[THE DATA]

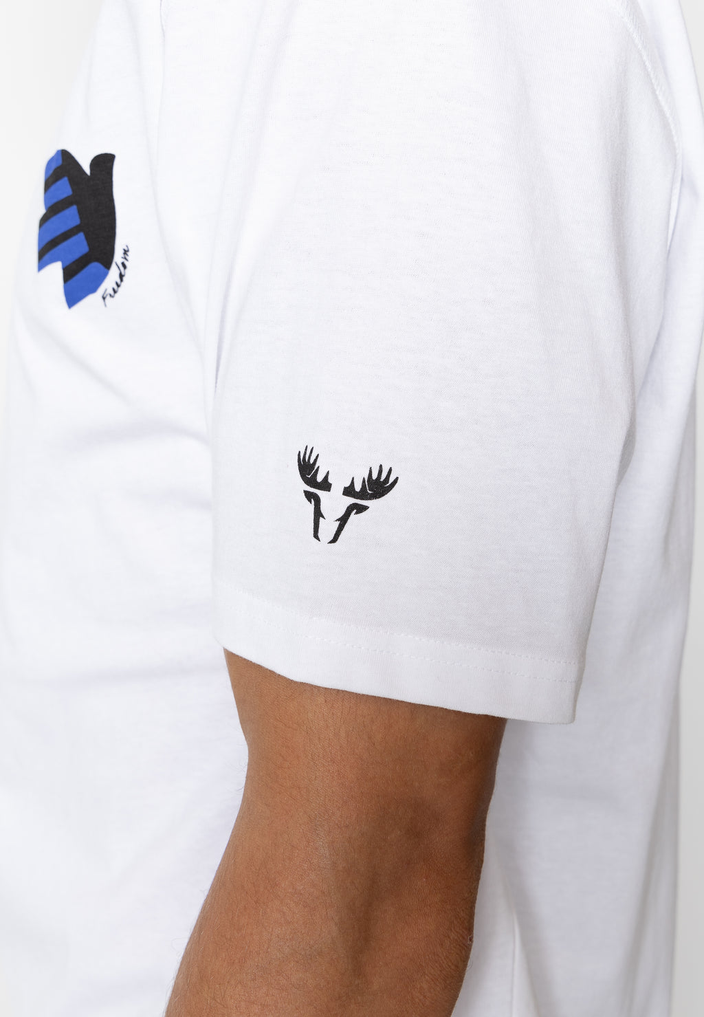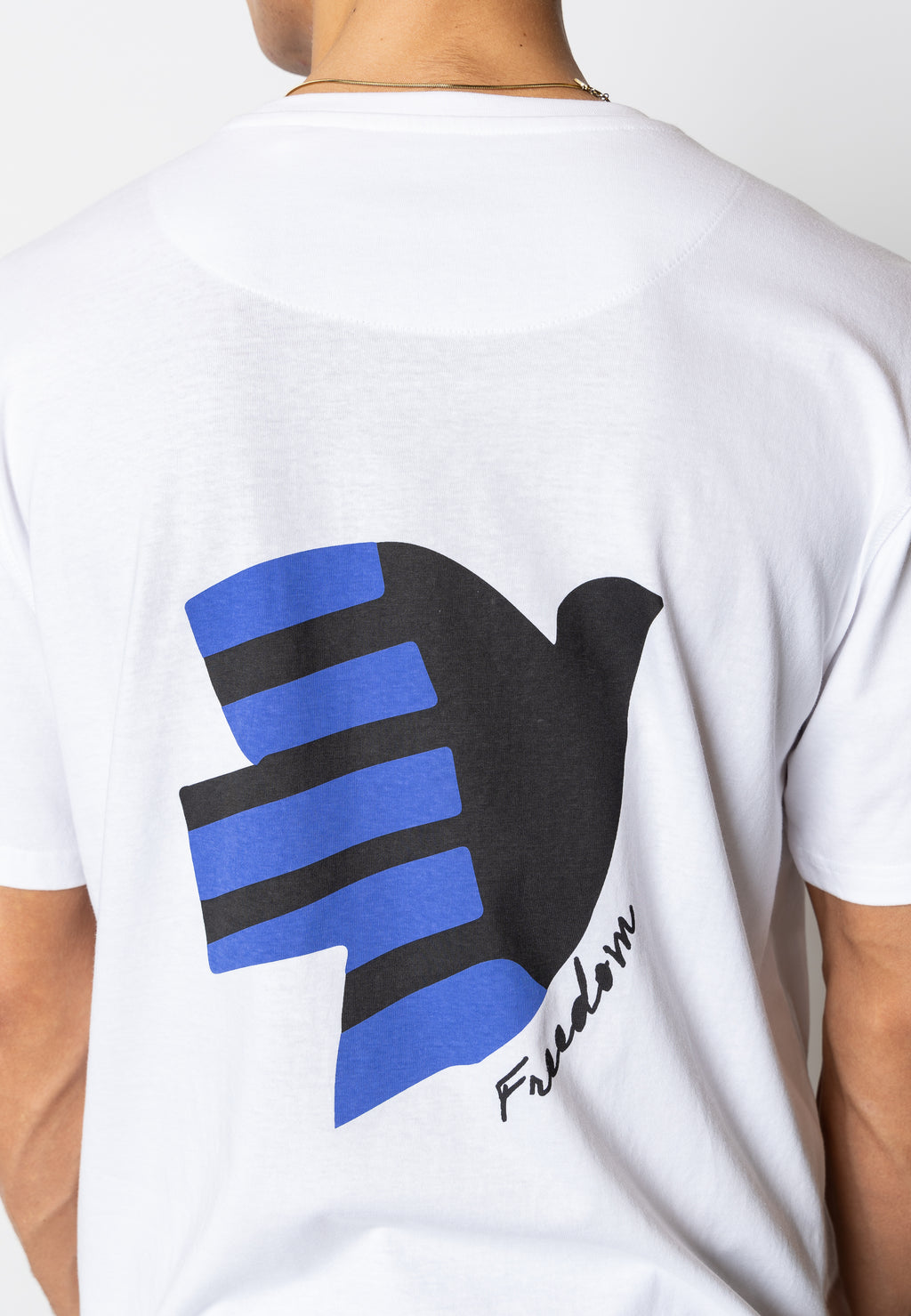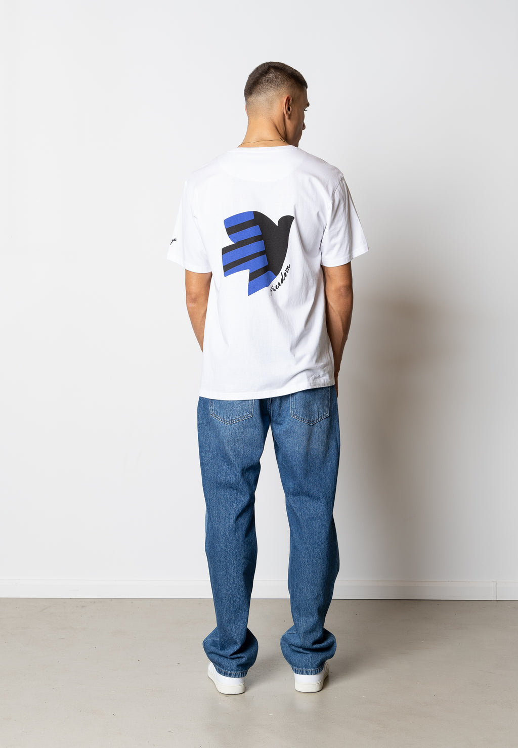 T-shirt made from cotton. Regular fit with prints on the chest and back. Model is 188 cm tall and wears size L.
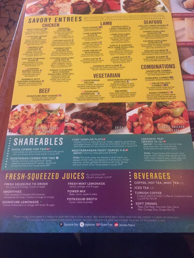 Appetizers: Hummus, Baba Ghanoush & Falafel Entrees: Five lamb chops, two skewers of shish kabob, two skewers of shish kafta, two skewers of Shish Tawook, chicken Shawarma, chicken Ghallaba & Hummus with lamb. Served with 2 Large House Salads
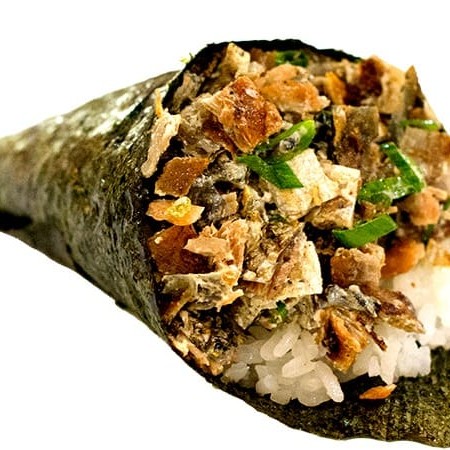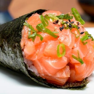 É feito com arroz, salmão em cubos e cebolinha, enrolados em alga nori e cortado em cone.

[TASK INSTRUCTIONS]
Copy all the material above exactly, but skip each image.

[FINAL ANSWER]
 T-shirt made from cotton. Regular fit with prints on the chest and back. Model is 188 cm tall and wears size L.
 Appetizers: Hummus, Baba Ghanoush & Falafel Entrees: Five lamb chops, two skewers of shish kabob, two skewers of shish kafta, two skewers of Shish Tawook, chicken Shawarma, chicken Ghallaba & Hummus with lamb. Served with 2 Large House Salads
 É feito com arroz, salmão em cubos e cebolinha, enrolados em alga nori e cortado em cone.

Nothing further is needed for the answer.